MaxDB users seem to be more interested in the limits and additional features over the SQL92 Entry Level compatible SQL dialect implemented by MaxDB. For this reason, we will often provide you only with brief overview information on some topics. If you need to details, check the SQL Tutorial chapter in the MaxDB documentation. Other online resources like the SQL Course and the SQL Course 2 may also be worth reading if you want to learn the very basics. Those who like printed books better and prefer reading on a sunny balcony, can check the book listing on the MySQL Developer Zone.

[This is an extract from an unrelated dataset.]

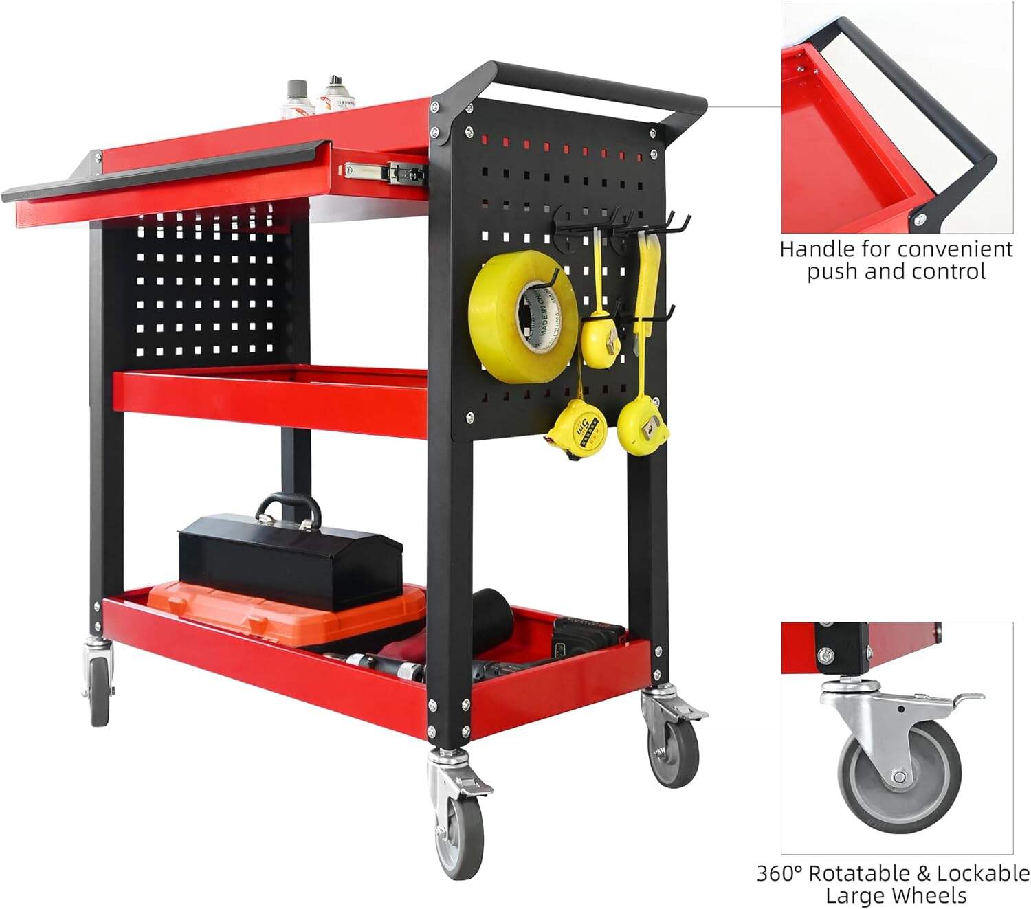 3 Antas na Multifungsiyonal na Kumikiling na Kariton para sa mga Kagamitan na May Drawer

Data types for table columns

Let us start the discussion of the MaxDB SQL dialect with something very basic: data types. In general you should always select the smallest data type for a column that can hold all values you want to store in the column. Try to keep your data as compact as possbile to save costy disk-read operations and to hold the most records in as short a buffer cache as possible.

For comparisons with MySQL data types, check what mappings have been choosen for the MaxDB plugin of the MySQL Migration Toolkit. The mappings are desribed in two german language blog postings. Although the texts are written in german, no german language knowledge is required to understand the tables given in the articles on mapping strings, BLOB/LONG, numeric types and temporal types.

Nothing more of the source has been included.